But you don't need at least on PS5 to have a good streaming engine. For example, ND had a very good streaming engine and they scrap it for Part 1 and Uncharted Collection* because you just need to do an API command and ask multiples uncompressed files and maybe set a priority level for each file and do your call in big chunk and it works. No one fgetc() at a time, because this is inefficient ;) The PS5 API is invisible you don't care about the compression out of packaging the data, managing memory, managing coherency with different buffer for streaming data and the the resident data in memory. Maybe it is a bit more difficult to implement and less transparent on Direct Storage side but probably much easier than when everything was constrained by HDD.


*Kurt Margenau told it in an interview.

This bug is more hilarious. Tying the loading speed to the monitor refresh rate

EDIT: If we have more memory in next generation console maybe 20 or 24 GB would be more realistic
 
Last edited:

Interview of ND but I translate it is in french.

kurt margenau said:
On PS4 we had a sophisticated streaming management solution to load different quality assets depending of what the player was seeing. This was a very technical program for memory management with crazy algorithms. On PS5 we don't use it, we just load the best texture quality.

EDIT:

Do you foresee any changes to future storage standards beyond increases in raw bandwidth? For example, there must have been an understanding amongst those in the industry that SATA wasn't sufficient for new-fangled SSDs, spurring the development of NVMe as a standard which did more than just increase the available bandwidth. Is anything similar on the (distant) horizon, where we'll need something more than just a doubling of PCIe bandwidth each generation, or will that be sufficient for the foreseeable future?

Currently our focus is on the transition from SATA to NVMe and more specifically NVMe Gen 4, with Gen 5 then on the horizon, the performance gains achieved will most likely be sufficient for the foreseeable future.
 
Last edited:
This bug is more hilarious.
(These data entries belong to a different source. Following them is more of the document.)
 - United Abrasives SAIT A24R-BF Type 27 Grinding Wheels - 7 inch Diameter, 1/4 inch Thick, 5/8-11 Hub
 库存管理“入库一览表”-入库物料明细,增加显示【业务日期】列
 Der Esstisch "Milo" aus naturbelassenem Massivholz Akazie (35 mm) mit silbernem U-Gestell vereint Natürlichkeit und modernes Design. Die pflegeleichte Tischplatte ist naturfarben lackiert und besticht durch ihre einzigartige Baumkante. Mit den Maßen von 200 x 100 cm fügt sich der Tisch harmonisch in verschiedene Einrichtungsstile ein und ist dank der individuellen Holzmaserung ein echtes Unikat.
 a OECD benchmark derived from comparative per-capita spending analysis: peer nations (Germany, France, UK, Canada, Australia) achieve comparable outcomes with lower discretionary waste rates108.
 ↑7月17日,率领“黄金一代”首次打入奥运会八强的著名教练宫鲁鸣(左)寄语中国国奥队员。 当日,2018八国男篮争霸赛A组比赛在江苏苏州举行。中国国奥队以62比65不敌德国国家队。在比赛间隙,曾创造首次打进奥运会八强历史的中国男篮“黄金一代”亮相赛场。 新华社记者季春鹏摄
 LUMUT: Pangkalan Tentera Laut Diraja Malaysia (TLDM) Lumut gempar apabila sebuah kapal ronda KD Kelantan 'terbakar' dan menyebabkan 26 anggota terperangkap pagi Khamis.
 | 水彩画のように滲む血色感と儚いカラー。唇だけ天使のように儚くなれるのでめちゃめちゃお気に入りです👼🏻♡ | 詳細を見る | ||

Tying the loading speed to the monitor refresh rate
Bethesda's Creation engine does something similar, limiting loading speed according to the software framerate - effectively the same result.

One of the most popular Nexus mods for Fallout 4 on PC is patching the loading-screen to an uncapped framerate, so when loading from an SSD, most loads are near-instant compared to 10-40 seconds - depending on your PC. Some mods, like Stories of the Commonwealth, have a devastating effect on some load times in Fallout 4 for the bespoke areas that the mod adds.
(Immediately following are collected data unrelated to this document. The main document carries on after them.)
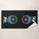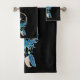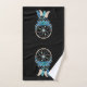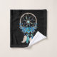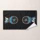 Towel set with a pretty watercolor dreamcatcher. Blue, turquoise and cream colours. Decorated with feathers, beads and flowers. Black background.
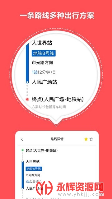 输入任意公交或地铁的起点站与终点站,查询地点之间的地铁路线、公交换乘方案、地铁站地图导航路线等信息,并提供多种路线方案可切换选择。
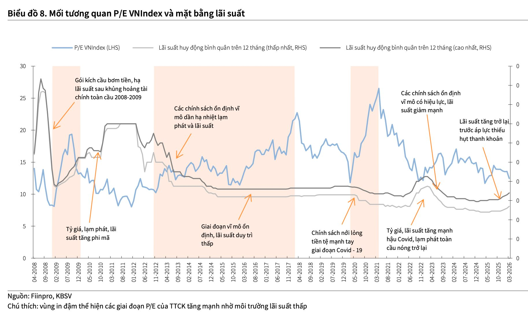 Trong nước, để hiện thực hóa mục tiêu tăng trưởng GDP khoảng 10%, chính sách tài khóa được kỳ vọng sẽ đóng vai trò chủ lực, trong khi chính sách tiền tệ đối mặt với áp lực lớn hơn trong việc vừa ổn định vĩ mô, vừa hỗ trợ thanh khoản hệ thống ngân hàng. KBSV cho rằng mặt bằng lãi suất huy động có thể tiếp tục tăng thêm 0,5–1% từ cuối quý I, duy trì ở mức cao trong quý II trước khi bắt đầu hạ nhiệt rõ rệt từ đầu quý III, khi các áp lực bên ngoài dần được giải tỏa.

This has been a 'feature' of the engine since Fallout 3, and probably before and I am not optimistic it will be changed for Starfield, because Bethesda's physics are also related to framerate. But theoretically, if Starfield offers a 120Hz mode, the game will load faster for 120hz screen owners than people using a 60Hz screen. :runaway: It's obviously completely logical to buy a better display to speed-up load times!
 
But you don't need at least on PS5 to have a good streaming engine. For example, ND had a very good streaming engine
That's not what I mean by 'streaming engine'. I mean all virtual textures and virtual geometry, highly optimised data where you only need as much as what you are drawing. A classical engine will have a scene. If there's a house in the scene where you can only see a corner of its roof, the entire house needs to be loaded to draw that little piece. All house geometry and textures. Current 'asset streaming' preloads large caches of complete objects but that's far from the ideal case.
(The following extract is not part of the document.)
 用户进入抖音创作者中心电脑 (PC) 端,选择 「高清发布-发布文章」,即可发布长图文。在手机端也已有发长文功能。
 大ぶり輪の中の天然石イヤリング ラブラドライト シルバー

In a true virtualised engine, only the parts of the house actually being rendered need to be in memory. For 4k, you need about 24 MBs of texture data. Nanite is a great step, providing 'unlimited detail' at existing transfer speeds. I can't find the post by Sebbbi on the actaul requirements to texture every pixel using virtual texturing but it was miniscule. Maybe someone else can recall it? @BRiT? In short, most of your storage and RAM usage is wasted, occupied by data waiting to be used. You can only render so much geometry given pixel count, and only so many texture samples. You can only change a small data from frame to frame unless doing a complete scene swap. So there are clear, calculable upper limits in actual data that can be consumed. Everything else is just cache, buffering the data close enough for when it's used. That was necessary in the days of floppy drives and HDDs, but completely different in an age of super fast SSDs. There would be value in re-evaluating the whole rendering systems, but that's now limited by business decisions.
 
My point is more that the pursuit of higher and higher BW via hardware and compression probably isn't necessary if the software was developing differently. The high BW of SSDs and primary debate at the moment (40 GB/s compressed data etc) isn't their main benefit, but the low latency is.

Yeah, I also think so. I think they went bonkers with max-throughput (specially sony) to guarantee the death of loading times for good. (which still do exist in many lazy-dev'ed cross-gen titles)

A high max BW from storage is still good to have in extreme scenarios, such as sudden spawns of large assets or level swaps. But it does not really need to be sustained. I think as long as the SSD can reach high BW at certain burts moments, but then has a short "cool-down" time, most software would barely notice it.
 
Frostbite Engine @ https://forum.beyond3d.com/threads/...a-20-rumors-and-discussion.59649/post-1974637

Frostbite needs 472 MB for 4K (all render targets + all temporary resources) in DX12. Page 58:
http://www.frostbite.com/2017/03/framegraph-extensible-rendering-architecture-in-frostbite/

Assets (textures, meshes, etc) are of course loaded on top of this, but this kind of data can be easily paged in/out based on demand. I'd say 4 GB is enough for 4K (possibly even 2 GB), but too early to say how well Vega's memory paging system works. Let's talk more when Vega has launched. I have only worked with custom software paging solutions that are specially engineered for single engine's point of view. Obviously a fully generic automatic solution isn't going to as efficient.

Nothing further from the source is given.